Assessing molecular changes underlying isopropylated phenyl phosphate (IPP)-induced larval sensorimotor response deficits in zebrafish

Isopropylated phenyl phosphates (IPP) are an additive organophosphate flame retardant (OPFR) that has been extensively used in furniture, electronics, automobiles, plastics, and children's products to slow down the spread of fire but its continued leaching leads to toxicity concerns. Toxicological information on this important legacy contaminant is limiting. Using zebrafish, our prior whole embryonic RNA-seq data revealed disruption of gene sets enriched for DNA methylation, neurotransmitter synthesis, retinoic acid signaling and eye development. Within this study, we used zebrafish embryos to systemically study these biological targets. Our initial range-finding experiments revealed significant morphological impacts like pericardial edema, yolk sac edema and spinal curvature, coupled with a significant increase in the levels of dopamine and 3-methoxytyramine. We then conducted an in vitro retinoic acid receptor (RAR) assay and showed that IPP inhibits RARα, but not RARβ and RARγ. Following this, our larval behavioral (photomotor and acoustic response assays) at environmentally relevant, sub-μM concentrations showed significant hypoactivity, indicating sensorimotor deficits within exposed embryo.
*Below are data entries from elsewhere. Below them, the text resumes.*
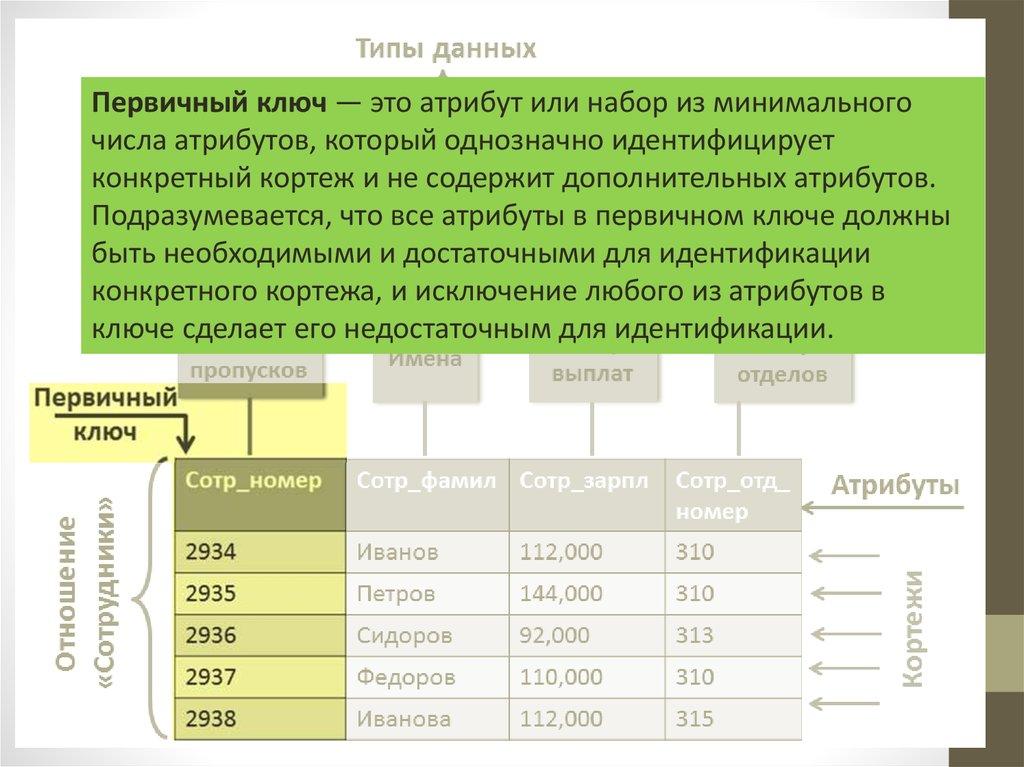 Первичный ключ — это атрибут или набор из минимальногочисла атрибутов, который однозначно идентифицирует
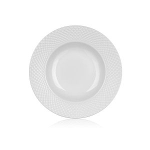 Hlboké taniere Banquet Diamond Line v bielej farbe s ozdobným reliéfom Vyrobené z keramiky, s priemerom 22,2 cm Možno použiť do mikrovlnnej rúry aj do umývačky riadu na bežné domáce použitie Sada obsahuje …
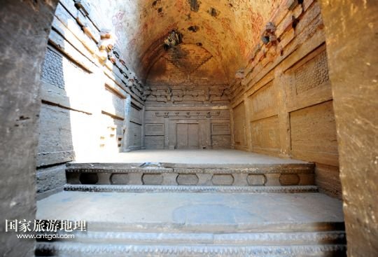 國家旅游地理 湖北襄陽8月7日訊 8月7日拍攝的湖北谷城縣肖家營仿木磚雕壁畫墓。當日,湖北省襄陽市谷城縣肖家營北宋仿木磚雕壁畫墓內(nèi)部清理完畢,考古專家認定墓中的宋代仿木磚雕、壁畫是湖北至今發(fā)掘的同時代古墓中保存最為完好的。
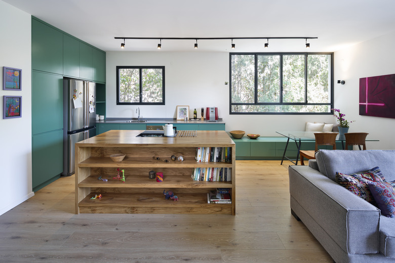 For a young woman living in Haifa, Israel, there was no time like the present to renovate her apartment. Her entire building was set for construction to strengthen its structure and expand its properties, but the timeline for doing so was up in the air. Rather than wait, she and architect Tal Losica came up with two plans: one for the current apartment and another for the enlarged space. "The design had to be efficient and suitable for both scenarios," Losica said. The architect devised an open plan that stretches the length of the address — including the kitchen, living, and dining area — all the way to the office. The building is surrounded by trees, with a forest to the north and an intimate garden to the south, so Losica chose to then outfit the bright layout with a verdant color palette and natural materials to connect the home with its surroundings. For instance, the kitchen cabinetry and built-in bench in the dining area are painted a bright green, contrasting with the oak island and wood flooring. The private spaces, meanwhile, are enclosed and decorated in crisp, calm whites. The earthy, airy results are the best of both worlds: the owner can enjoy the change now, and await for possible changes later.

We then assessed global DNA methylation using a combination of whole-mount immunohistochemistry and ELISA for 5-methylcytosine (5-mC) and showed significant IPP-induced hypermethylation within whole embryo in situ. Finally, we focused on eye and brains as targets. We dissected eyes and brains from IPP-exposed larvae and conducted 5-mC assessments and mRNA-sequencing. Interestingly, neither of the organs showed differences in 5-mC levels and the brains also did not show substantial transcriptomic effects. However, for eyes, mRNA sequencing showed 135 differentially expressed genes and these were enriched for several nervous system-associated pathways, including voltage gated ion channel activity, synaptic transmission and neurotransmitter signaling. Collectively, our data shows that IPP exposures can disrupt a battery of biological pathways spanning neurometabolomic, genetic, epigenetic as well as organ-level targets. Notably, these impacts occur at concentrations within environmental relevance where overt toxic morphological phenotypes are not recorded. Future work will focus on understanding the contribution of these molecular targets to behavioral phenotypes.